> DIRECTIONS FOR THIS TASK: Retype, exactly and completely, the listing that comes next, skipping its images.

> MATERIAL SUPPLIED:
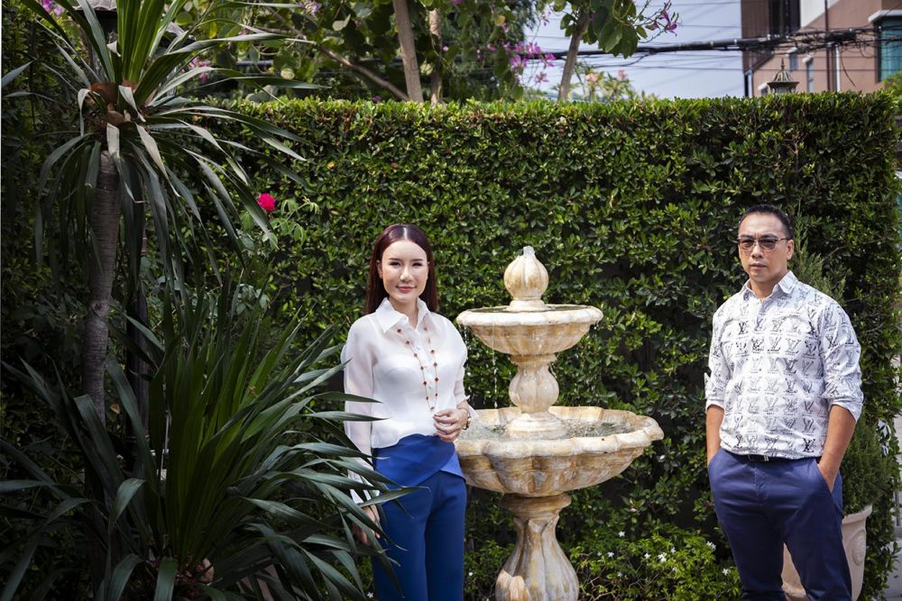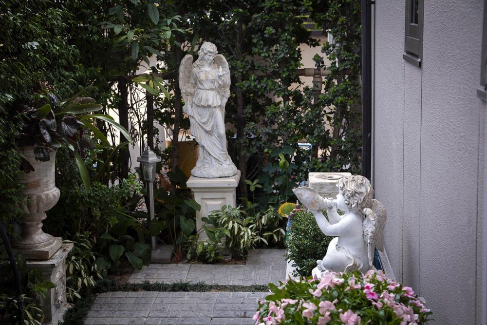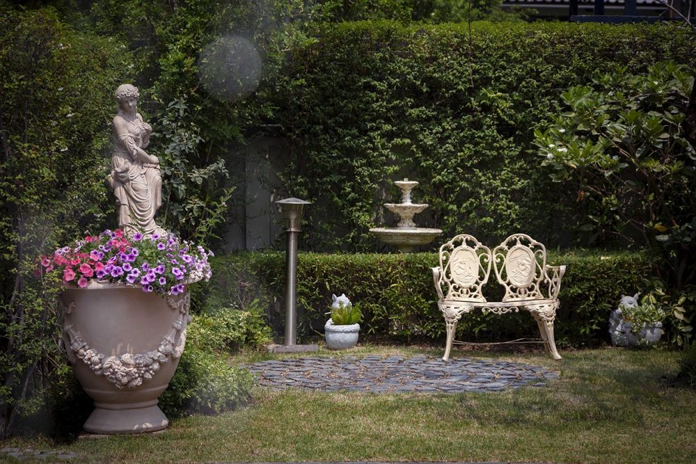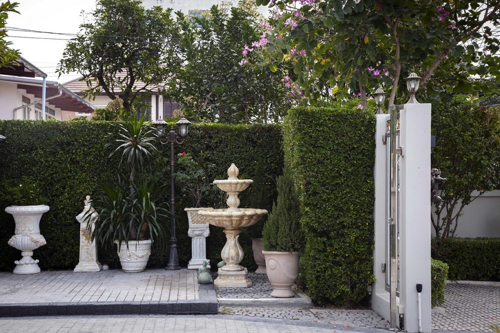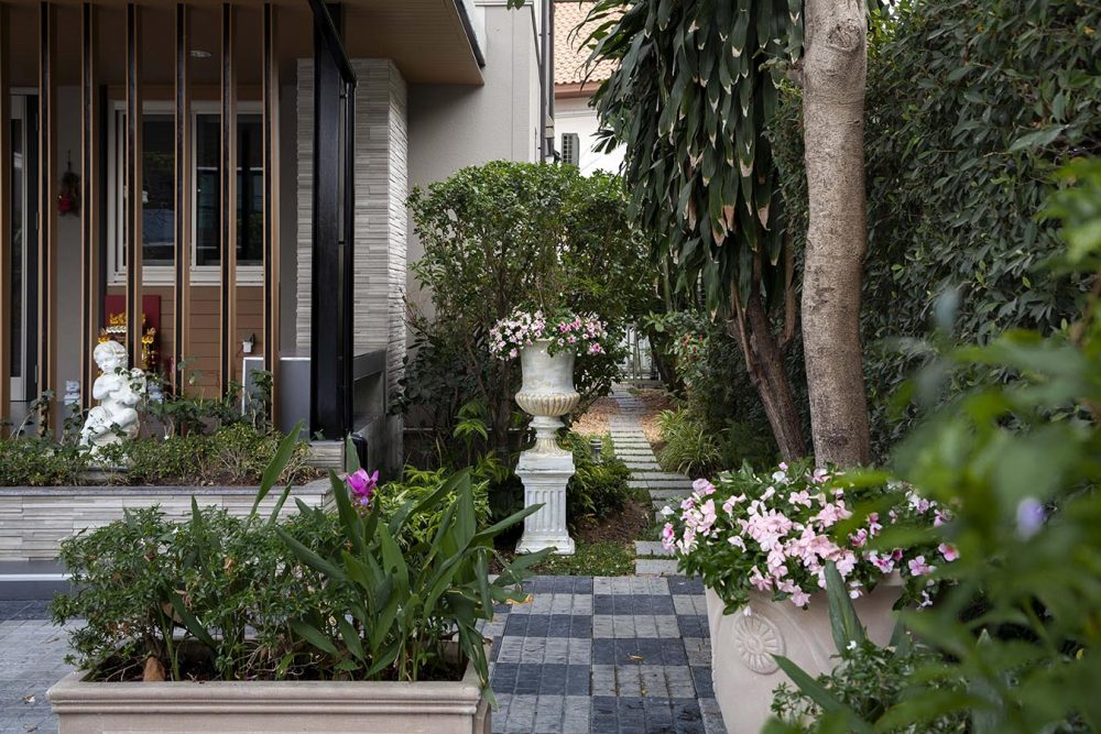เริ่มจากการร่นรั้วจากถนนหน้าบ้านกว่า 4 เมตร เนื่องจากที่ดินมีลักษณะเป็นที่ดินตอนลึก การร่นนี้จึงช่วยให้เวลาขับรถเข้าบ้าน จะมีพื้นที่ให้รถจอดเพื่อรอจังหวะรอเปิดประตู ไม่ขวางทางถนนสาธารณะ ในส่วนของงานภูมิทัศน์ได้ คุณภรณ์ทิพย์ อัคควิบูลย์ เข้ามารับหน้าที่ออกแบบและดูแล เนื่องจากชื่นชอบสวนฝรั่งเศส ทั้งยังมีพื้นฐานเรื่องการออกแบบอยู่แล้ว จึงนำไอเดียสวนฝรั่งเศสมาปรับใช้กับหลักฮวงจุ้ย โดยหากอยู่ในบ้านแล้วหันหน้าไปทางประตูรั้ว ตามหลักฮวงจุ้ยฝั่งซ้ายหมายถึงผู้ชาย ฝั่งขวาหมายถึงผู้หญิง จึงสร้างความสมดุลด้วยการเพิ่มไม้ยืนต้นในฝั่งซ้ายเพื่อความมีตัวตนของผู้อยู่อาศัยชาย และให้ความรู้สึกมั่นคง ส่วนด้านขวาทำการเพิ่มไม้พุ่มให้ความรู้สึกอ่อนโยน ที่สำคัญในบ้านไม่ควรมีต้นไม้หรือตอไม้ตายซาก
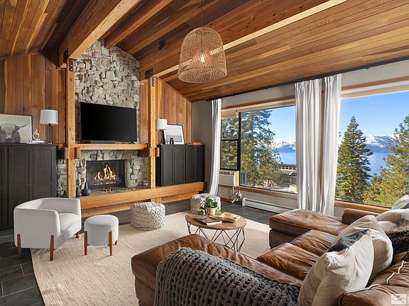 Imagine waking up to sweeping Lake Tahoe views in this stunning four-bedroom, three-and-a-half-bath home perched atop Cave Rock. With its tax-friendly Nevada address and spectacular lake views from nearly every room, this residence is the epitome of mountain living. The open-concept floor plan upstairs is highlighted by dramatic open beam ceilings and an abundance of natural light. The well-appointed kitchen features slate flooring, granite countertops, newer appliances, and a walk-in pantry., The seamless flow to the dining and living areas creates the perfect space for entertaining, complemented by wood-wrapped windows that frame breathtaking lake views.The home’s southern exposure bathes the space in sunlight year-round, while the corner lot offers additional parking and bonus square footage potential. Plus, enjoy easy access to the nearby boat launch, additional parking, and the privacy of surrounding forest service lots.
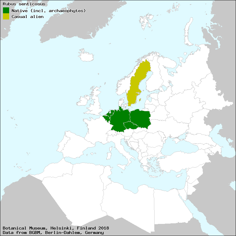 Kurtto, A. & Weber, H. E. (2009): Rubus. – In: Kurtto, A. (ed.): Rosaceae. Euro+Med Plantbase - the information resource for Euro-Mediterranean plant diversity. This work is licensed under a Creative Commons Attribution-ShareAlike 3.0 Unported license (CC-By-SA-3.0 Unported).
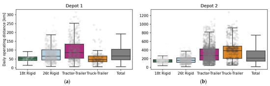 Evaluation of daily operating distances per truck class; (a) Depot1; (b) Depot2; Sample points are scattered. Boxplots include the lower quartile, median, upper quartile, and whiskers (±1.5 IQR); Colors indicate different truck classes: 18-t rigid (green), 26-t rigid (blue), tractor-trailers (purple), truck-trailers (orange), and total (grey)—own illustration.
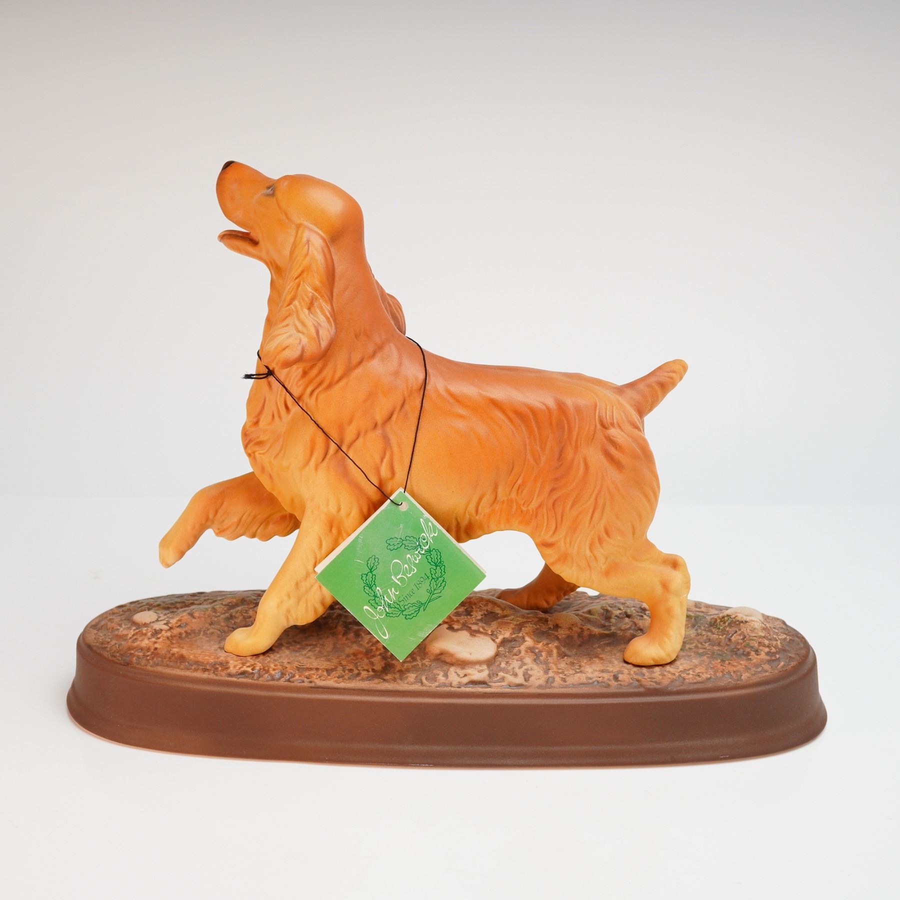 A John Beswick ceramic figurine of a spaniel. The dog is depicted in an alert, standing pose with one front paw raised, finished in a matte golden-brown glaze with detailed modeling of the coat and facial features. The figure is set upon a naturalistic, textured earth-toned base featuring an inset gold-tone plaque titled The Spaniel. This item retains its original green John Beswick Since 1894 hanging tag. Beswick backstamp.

> EXERCISE OUTPUT:
เริ่มจากการร่นรั้วจากถนนหน้าบ้านกว่า 4 เมตร เนื่องจากที่ดินมีลักษณะเป็นที่ดินตอนลึก การร่นนี้จึงช่วยให้เวลาขับรถเข้าบ้าน จะมีพื้นที่ให้รถจอดเพื่อรอจังหวะรอเปิดประตู ไม่ขวางทางถนนสาธารณะ ในส่วนของงานภูมิทัศน์ได้ คุณภรณ์ทิพย์ อัคควิบูลย์ เข้ามารับหน้าที่ออกแบบและดูแล เนื่องจากชื่นชอบสวนฝรั่งเศส ทั้งยังมีพื้นฐานเรื่องการออกแบบอยู่แล้ว จึงนำไอเดียสวนฝรั่งเศสมาปรับใช้กับหลักฮวงจุ้ย โดยหากอยู่ในบ้านแล้วหันหน้าไปทางประตูรั้ว ตามหลักฮวงจุ้ยฝั่งซ้ายหมายถึงผู้ชาย ฝั่งขวาหมายถึงผู้หญิง จึงสร้างความสมดุลด้วยการเพิ่มไม้ยืนต้นในฝั่งซ้ายเพื่อความมีตัวตนของผู้อยู่อาศัยชาย และให้ความรู้สึกมั่นคง ส่วนด้านขวาทำการเพิ่มไม้พุ่มให้ความรู้สึกอ่อนโยน ที่สำคัญในบ้านไม่ควรมีต้นไม้หรือตอไม้ตายซาก
 Imagine waking up to sweeping Lake Tahoe views in this stunning four-bedroom, three-and-a-half-bath home perched atop Cave Rock. With its tax-friendly Nevada address and spectacular lake views from nearly every room, this residence is the epitome of mountain living. The open-concept floor plan upstairs is highlighted by dramatic open beam ceilings and an abundance of natural light. The well-appointed kitchen features slate flooring, granite countertops, newer appliances, and a walk-in pantry., The seamless flow to the dining and living areas creates the perfect space for entertaining, complemented by wood-wrapped windows that frame breathtaking lake views.The home’s southern exposure bathes the space in sunlight year-round, while the corner lot offers additional parking and bonus square footage potential. Plus, enjoy easy access to the nearby boat launch, additional parking, and the privacy of surrounding forest service lots.
 Kurtto, A. & Weber, H. E. (2009): Rubus. – In: Kurtto, A. (ed.): Rosaceae. Euro+Med Plantbase - the information resource for Euro-Mediterranean plant diversity. This work is licensed under a Creative Commons Attribution-ShareAlike 3.0 Unported license (CC-By-SA-3.0 Unported).
 Evaluation of daily operating distances per truck class; (a) Depot1; (b) Depot2; Sample points are scattered. Boxplots include the lower quartile, median, upper quartile, and whiskers (±1.5 IQR); Colors indicate different truck classes: 18-t rigid (green), 26-t rigid (blue), tractor-trailers (purple), truck-trailers (orange), and total (grey)—own illustration.
 A John Beswick ceramic figurine of a spaniel. The dog is depicted in an alert, standing pose with one front paw raised, finished in a matte golden-brown glaze with detailed modeling of the coat and facial features. The figure is set upon a naturalistic, textured earth-toned base featuring an inset gold-tone plaque titled The Spaniel. This item retains its original green John Beswick Since 1894 hanging tag. Beswick backstamp.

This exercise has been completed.